*Exercise description*.
Work through the listing below and give again exactly the lines from the one with "关于董承非演讲视频,董承这个" to the one with "Preciosa alfombra de", both ends included. All other lines and all pictures stay out.

*Source material*.
§ §
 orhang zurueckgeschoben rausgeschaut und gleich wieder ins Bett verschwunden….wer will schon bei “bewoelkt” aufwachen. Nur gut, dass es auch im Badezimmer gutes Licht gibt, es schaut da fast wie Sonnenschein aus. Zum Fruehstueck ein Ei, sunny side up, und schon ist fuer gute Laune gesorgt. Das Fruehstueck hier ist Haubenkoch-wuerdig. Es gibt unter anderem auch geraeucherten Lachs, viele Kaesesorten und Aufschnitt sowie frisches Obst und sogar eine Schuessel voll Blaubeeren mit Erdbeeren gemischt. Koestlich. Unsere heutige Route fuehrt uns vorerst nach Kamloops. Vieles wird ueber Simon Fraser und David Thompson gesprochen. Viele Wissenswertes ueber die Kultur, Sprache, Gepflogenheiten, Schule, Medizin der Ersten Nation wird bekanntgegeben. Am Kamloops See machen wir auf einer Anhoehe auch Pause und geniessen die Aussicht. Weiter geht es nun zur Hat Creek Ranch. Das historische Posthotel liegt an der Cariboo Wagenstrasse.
§ §
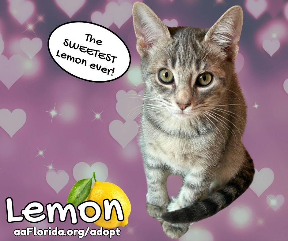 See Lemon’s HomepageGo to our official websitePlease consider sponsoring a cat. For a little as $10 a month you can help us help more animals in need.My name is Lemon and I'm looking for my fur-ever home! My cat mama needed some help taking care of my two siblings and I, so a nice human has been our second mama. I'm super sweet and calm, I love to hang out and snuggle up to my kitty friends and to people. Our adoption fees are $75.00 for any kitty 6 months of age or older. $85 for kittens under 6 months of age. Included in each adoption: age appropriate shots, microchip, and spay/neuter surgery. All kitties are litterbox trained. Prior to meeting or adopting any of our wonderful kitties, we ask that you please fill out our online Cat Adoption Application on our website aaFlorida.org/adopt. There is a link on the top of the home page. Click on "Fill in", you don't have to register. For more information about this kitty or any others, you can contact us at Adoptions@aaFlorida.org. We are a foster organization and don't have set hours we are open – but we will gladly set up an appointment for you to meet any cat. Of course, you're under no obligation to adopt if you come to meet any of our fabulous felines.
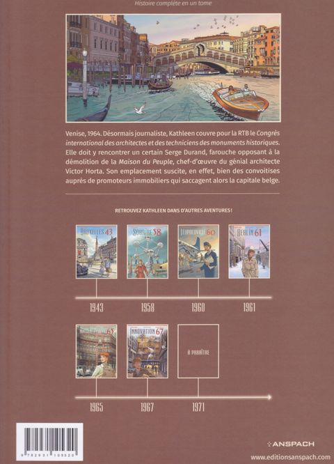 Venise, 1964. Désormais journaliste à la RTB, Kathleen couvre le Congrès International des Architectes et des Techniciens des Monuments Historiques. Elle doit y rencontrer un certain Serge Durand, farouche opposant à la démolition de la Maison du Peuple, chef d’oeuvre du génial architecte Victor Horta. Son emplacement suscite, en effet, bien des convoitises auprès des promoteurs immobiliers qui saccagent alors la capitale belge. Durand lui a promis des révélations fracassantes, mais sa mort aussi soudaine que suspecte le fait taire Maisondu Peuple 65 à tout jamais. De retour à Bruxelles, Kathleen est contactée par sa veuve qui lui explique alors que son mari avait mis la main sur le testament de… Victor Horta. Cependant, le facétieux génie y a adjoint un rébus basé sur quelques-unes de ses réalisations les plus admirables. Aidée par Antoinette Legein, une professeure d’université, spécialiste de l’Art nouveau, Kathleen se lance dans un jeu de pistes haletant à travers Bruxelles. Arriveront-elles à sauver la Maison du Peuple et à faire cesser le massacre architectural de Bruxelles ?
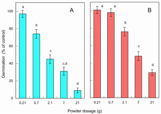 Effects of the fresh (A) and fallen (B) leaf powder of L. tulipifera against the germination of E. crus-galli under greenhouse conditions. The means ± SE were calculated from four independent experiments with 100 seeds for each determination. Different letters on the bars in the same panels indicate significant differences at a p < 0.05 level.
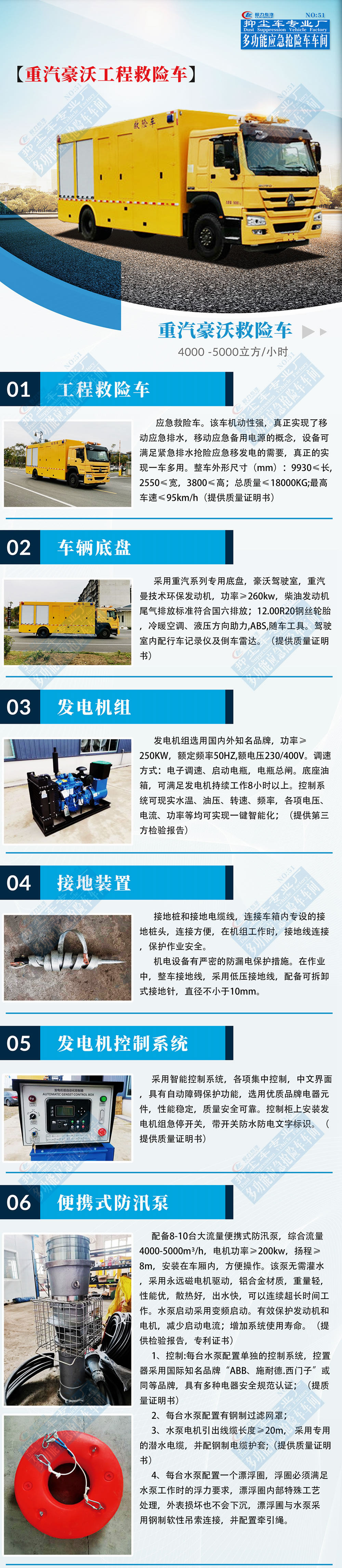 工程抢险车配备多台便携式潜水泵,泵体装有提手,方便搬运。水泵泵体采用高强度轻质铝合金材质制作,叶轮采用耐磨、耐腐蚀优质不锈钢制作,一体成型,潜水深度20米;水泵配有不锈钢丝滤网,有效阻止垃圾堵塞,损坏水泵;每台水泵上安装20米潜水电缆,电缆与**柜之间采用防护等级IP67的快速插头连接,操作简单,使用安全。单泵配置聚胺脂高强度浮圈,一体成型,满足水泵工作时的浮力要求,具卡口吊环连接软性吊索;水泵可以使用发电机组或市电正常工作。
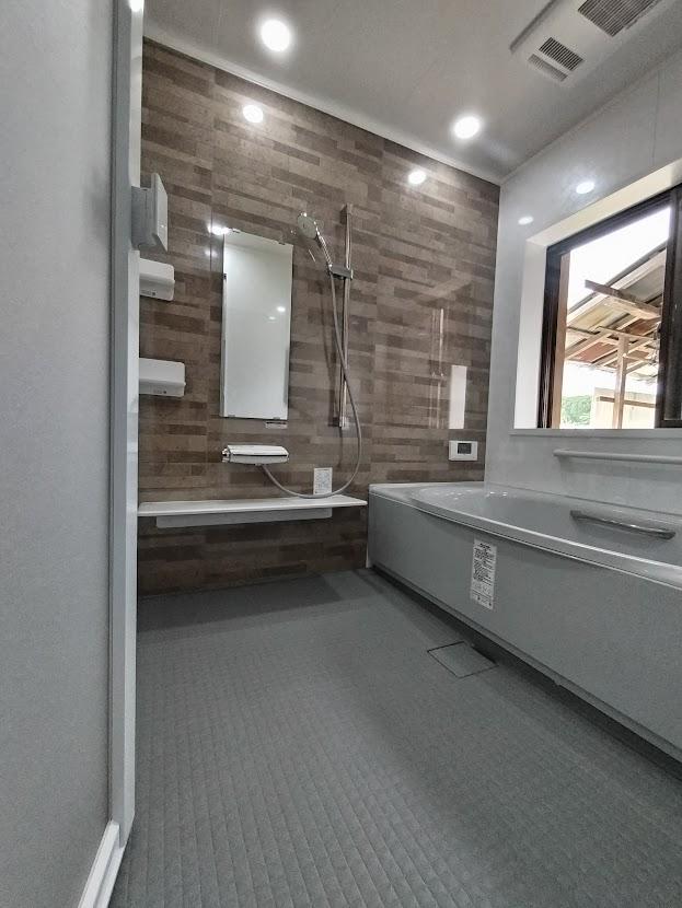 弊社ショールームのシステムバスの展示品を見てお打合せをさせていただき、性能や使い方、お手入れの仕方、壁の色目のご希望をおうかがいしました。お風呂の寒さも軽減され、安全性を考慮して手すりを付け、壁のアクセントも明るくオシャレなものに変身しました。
§ §
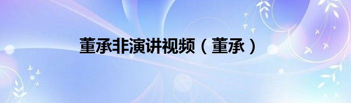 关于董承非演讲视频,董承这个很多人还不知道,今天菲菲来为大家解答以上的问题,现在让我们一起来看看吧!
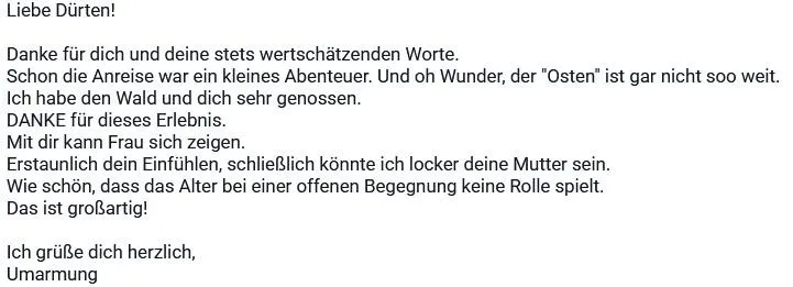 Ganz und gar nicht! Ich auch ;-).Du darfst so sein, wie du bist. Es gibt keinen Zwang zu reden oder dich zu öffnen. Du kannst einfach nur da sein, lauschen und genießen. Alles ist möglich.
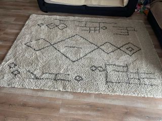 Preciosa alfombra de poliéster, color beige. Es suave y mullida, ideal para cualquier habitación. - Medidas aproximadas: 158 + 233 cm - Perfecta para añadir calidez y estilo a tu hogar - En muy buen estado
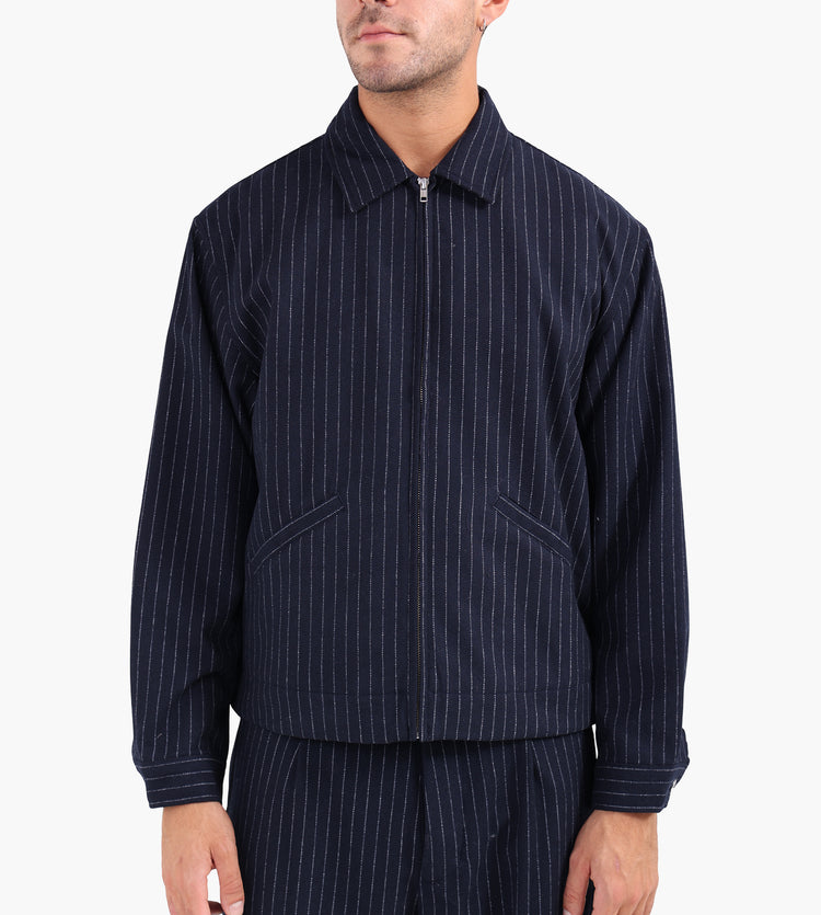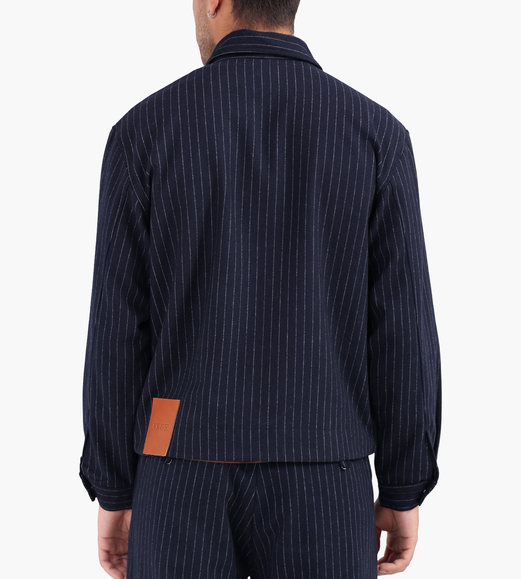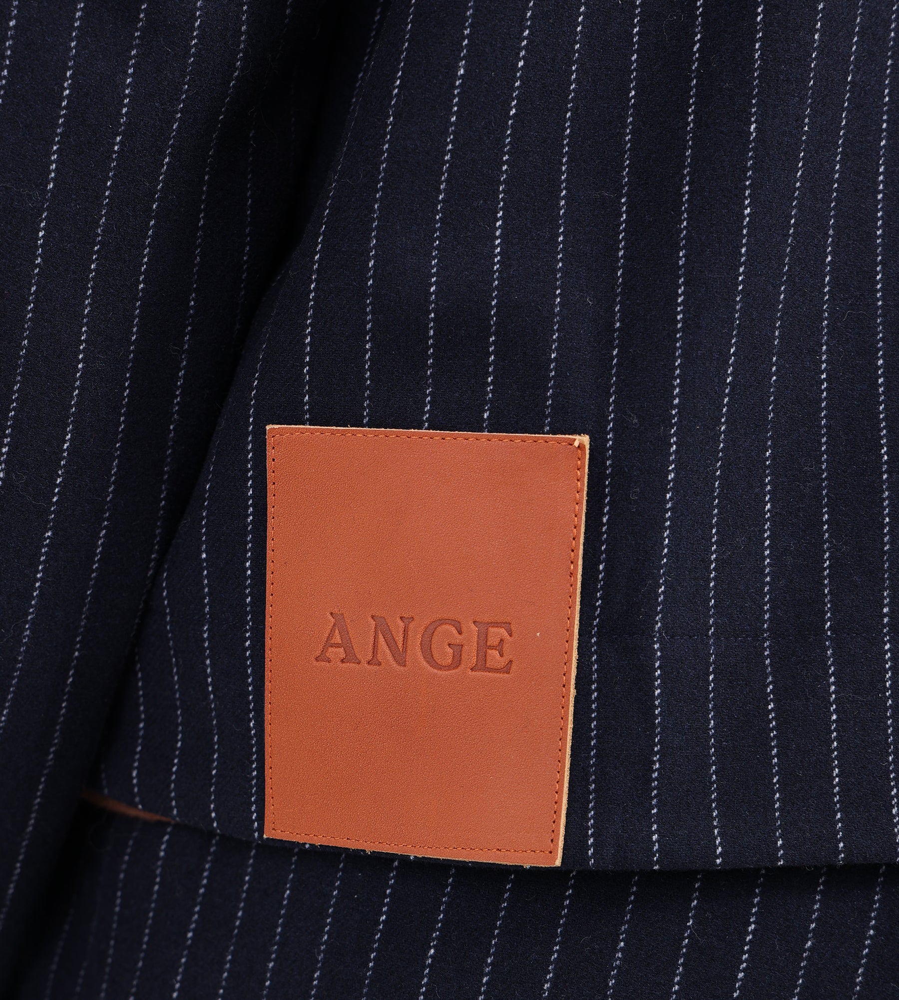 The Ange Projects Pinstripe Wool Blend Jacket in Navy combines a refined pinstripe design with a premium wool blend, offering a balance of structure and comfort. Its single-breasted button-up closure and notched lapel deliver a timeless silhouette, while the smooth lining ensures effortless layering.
§ §
*Result below*.
 关于董承非演讲视频,董承这个很多人还不知道,今天菲菲来为大家解答以上的问题,现在让我们一起来看看吧!
 Ganz und gar nicht! Ich auch ;-).Du darfst so sein, wie du bist. Es gibt keinen Zwang zu reden oder dich zu öffnen. Du kannst einfach nur da sein, lauschen und genießen. Alles ist möglich.
 Preciosa alfombra de poliéster, color beige. Es suave y mullida, ideal para cualquier habitación. - Medidas aproximadas: 158 + 233 cm - Perfecta para añadir calidez y estilo a tu hogar - En muy buen estado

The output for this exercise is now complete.